| WORK TO COMPLETE |
With the pictures excluded, reproduce all of the data exactly.

| DATA SEGMENT |
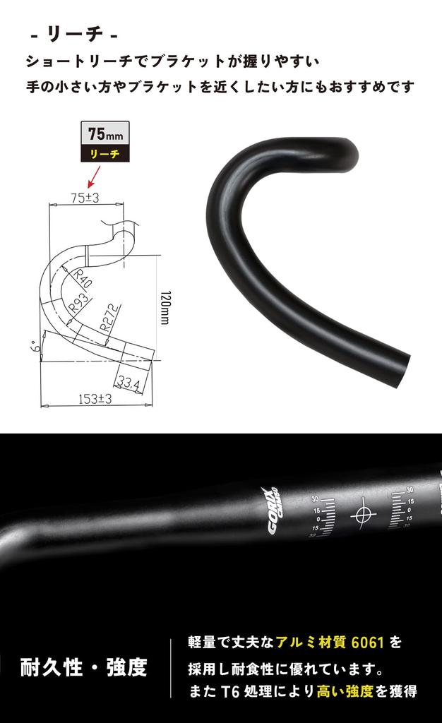 GORIX Руль-баран с расширением Руль с расширением Руль-баран Шоссейный велосипед Короткий вынос Широкие концы Удобный захват Велосипедный руль Грэвел (GX-CMM50) 31.8mm (400мм)
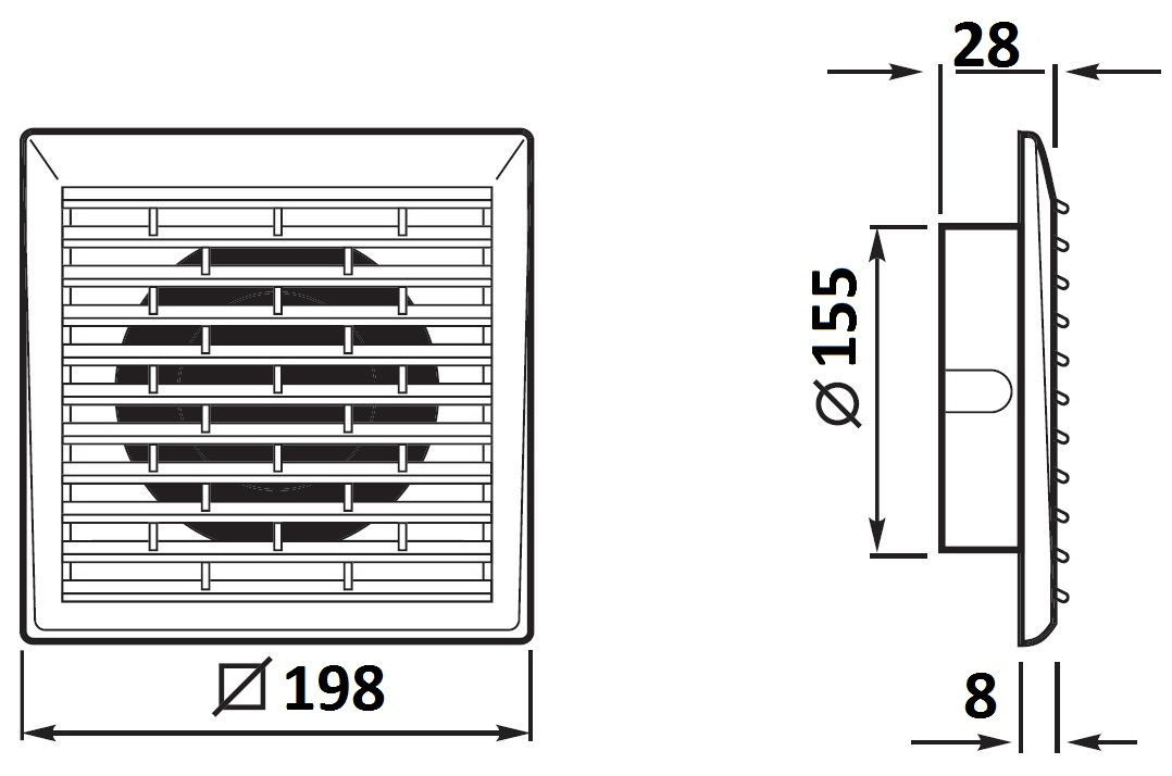 GRIGLIA FISSA - Da montare all’inizio o alla fine del condotto di ventilazione. - Fabbricata interamente in resina termoplastica antiurto resistente agli UV.
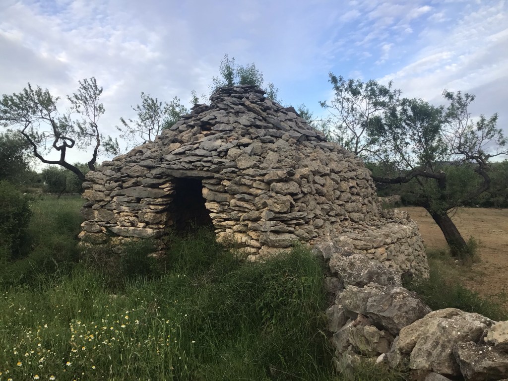 Par contre, entre mon repas et ma sieste, la journée file vite et il me faut penser à trouver un bivouac avant la nuit. Dans ce coin perdu, il devrait bien y avoir des maisons abandonnées ou, à défaut, un endroit pour plante ma tente ! Je branche mes radars et sans même trop chercher je repère une borie (« petite hutte ronde en pierres sèches dans le midi de la France ») au bord d’un champ. Je vais inspecter les lieux : aucune crotte humaine avec une partie d’un rouleau de PQ qui traîne, aucune canette de bière ou de coca, aucun tag sur les pierres.
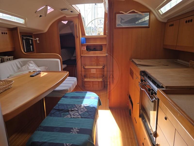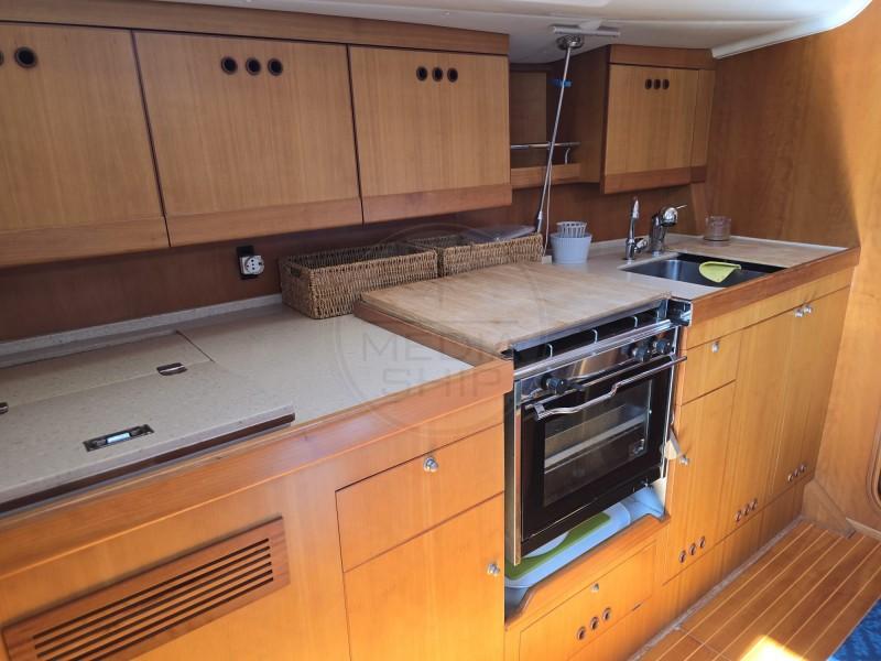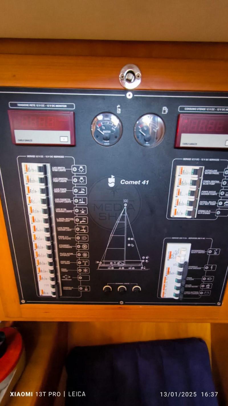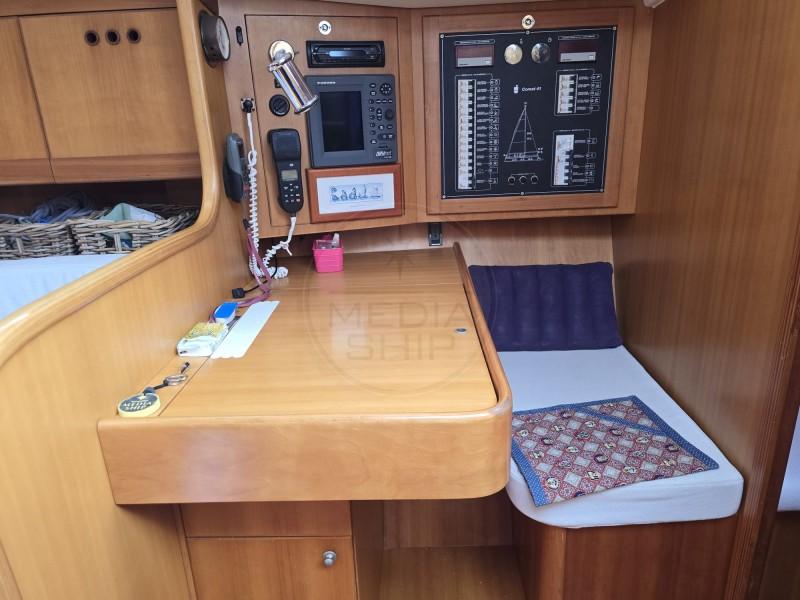 Il COMET 41S è nella versione con due cabine, di cui l’armatoriale di prua, e un ampio bagno con box doccia separato. È stato sempre mantenuto in modo impeccabile dal suo unico proprietario, ed è ottimamente equipaggiato, con: rotaia per la randa full batten Harken, trinchetta amovibile, bompresso in acciaio, sartiame in tondino, pannello solare, riscaldamento Webasto, autopilota, elica J-Prop 3 pale, cappottina paraspruzzi, gruetta a scomparsa per fuoribordo, elettronica Raymarine con 3 jumbo all’albero, impianto Hi-Fi con altoparlanti interni ed esterni.

| EXERCISE RESPONSE |
 GORIX Руль-баран с расширением Руль с расширением Руль-баран Шоссейный велосипед Короткий вынос Широкие концы Удобный захват Велосипедный руль Грэвел (GX-CMM50) 31.8mm (400мм)
 GRIGLIA FISSA - Da montare all’inizio o alla fine del condotto di ventilazione. - Fabbricata interamente in resina termoplastica antiurto resistente agli UV.
 Par contre, entre mon repas et ma sieste, la journée file vite et il me faut penser à trouver un bivouac avant la nuit. Dans ce coin perdu, il devrait bien y avoir des maisons abandonnées ou, à défaut, un endroit pour plante ma tente ! Je branche mes radars et sans même trop chercher je repère une borie (« petite hutte ronde en pierres sèches dans le midi de la France ») au bord d’un champ. Je vais inspecter les lieux : aucune crotte humaine avec une partie d’un rouleau de PQ qui traîne, aucune canette de bière ou de coca, aucun tag sur les pierres.
 Il COMET 41S è nella versione con due cabine, di cui l’armatoriale di prua, e un ampio bagno con box doccia separato. È stato sempre mantenuto in modo impeccabile dal suo unico proprietario, ed è ottimamente equipaggiato, con: rotaia per la randa full batten Harken, trinchetta amovibile, bompresso in acciaio, sartiame in tondino, pannello solare, riscaldamento Webasto, autopilota, elica J-Prop 3 pale, cappottina paraspruzzi, gruetta a scomparsa per fuoribordo, elettronica Raymarine con 3 jumbo all’albero, impianto Hi-Fi con altoparlanti interni ed esterni.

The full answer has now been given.